We have two kind of nodes, snb = 16 cores and hsw = 24 cores. After Slurm update from 14.11 to 15.08.8 (92ac0dcdbb78df968962acc5d006e1f3aeb6eb37) altering constraints will result a badcontraints state. Slurm sets NumNodes so that job can run only nodes which has 24 cores. srun -C "hsw|snb" --mem-per-cpu=12000 -n 320 -p parallel --pty $SHELL NumNodes=21 NumCPUs=320 CPUs/Task=1 ReqB:S:C:T=0:0:*:* TRES=cpu=320,mem=3840000,node=1 Socks/Node=* NtasksPerN:B:S:C=0:0:*:* CoreSpec=* scontrol update JobId=8500942 Features=snb scontrol show job 8500942 JobId=8500942 JobName=bash JobState=PENDING Reason=BadConstraints Dependency=(null) Requeue=1 Restarts=0 BatchFlag=0 Reboot=0 ExitCode=0:0 DerivedExitCode=0:0 RunTime=00:00:00 TimeLimit=00:05:00 TimeMin=N/A SubmitTime=2016-02-23T14:34:44 EligibleTime=2016-02-23T14:34:44 StartTime=2016-02-23T14:35:15 EndTime=2016-02-23T14:35:15 PreemptTime=None SuspendTime=None SecsPreSuspend=0 Partition=parallel AllocNode:Sid=taito-login3:59995 ReqNodeList=(null) ExcNodeList=(null) NodeList=(null) SchedNodeList=c[609-615,620-624,627-635,637-638] NumNodes=21 NumCPUs=320 CPUs/Task=1 ReqB:S:C:T=0:0:*:* TRES=cpu=320,mem=3840000,node=1 Socks/Node=* NtasksPerN:B:S:C=0:0:*:* CoreSpec=* MinCPUsNode=320 MinMemoryCPU=12000M MinTmpDiskNode=0 Features=snb Gres=(null) Reservation=(null) Shared=OK Contiguous=0 Licenses=(null) Network=(null) Command=/bin/bash WorkDir=/homeappl/home/ttervo Power= SICP=0
*** Ticket 2478 has been marked as a duplicate of this ticket. ***
We're working on this, it's a regression in Slurm 15.08.6 and later that has shown up on a few different bugs this week.

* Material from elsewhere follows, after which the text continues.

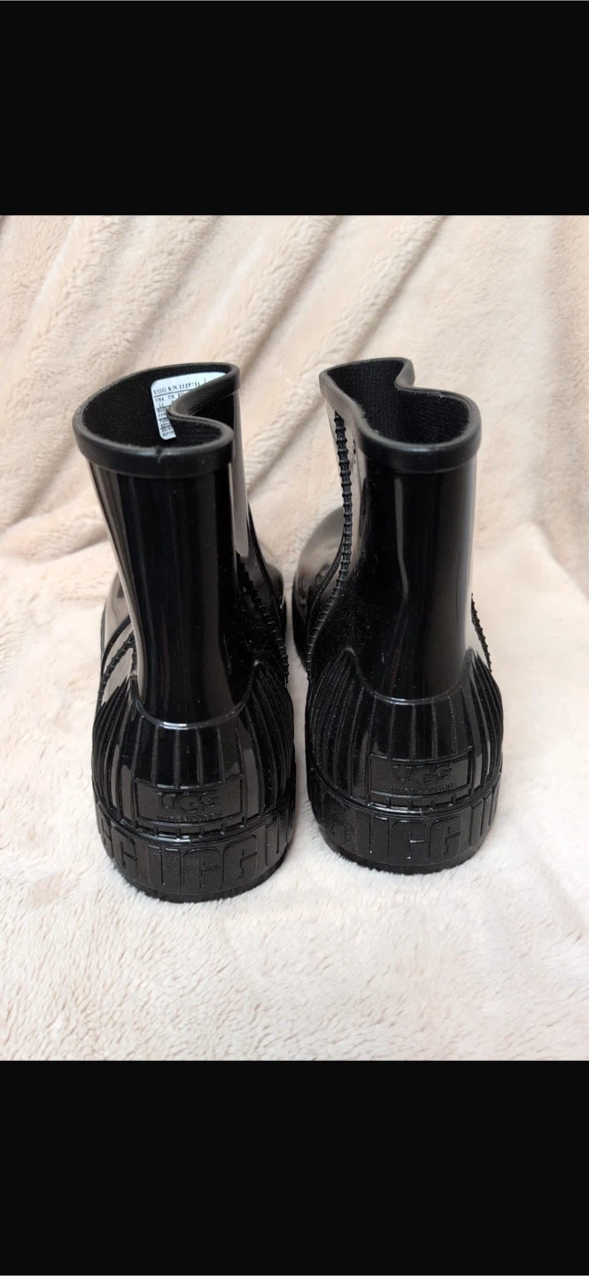 23New! Retails for $162. These are a pair of stylish UGG waterproof rain boots in black. They are in great condition and ready for the rainy season! Waterproof synthetic upper 7mm sheepskin insole TPE Outsole Midsole made with recycled EVA regrind UGG logo woven label on sockliner The Drizlita is a waterproof statement boot made with recycled leftovers from our iconic Classic. Featuring a soft insole lined in our signature sheepskin, this cozy and colorful silhouette makes a statement in any level of downpour.

Any update for a job without a -N (nodes) count set incorrectly results in MinCPUsNode=(total-number-of-cpus). In your example below it was set to 320, and I assume you don't have any nodes with that many CPUs available.
They Tommi, this is fixed in commits bd9fa8300b1 and de28c13a159d. Please reopen if they don't fix the problem for you.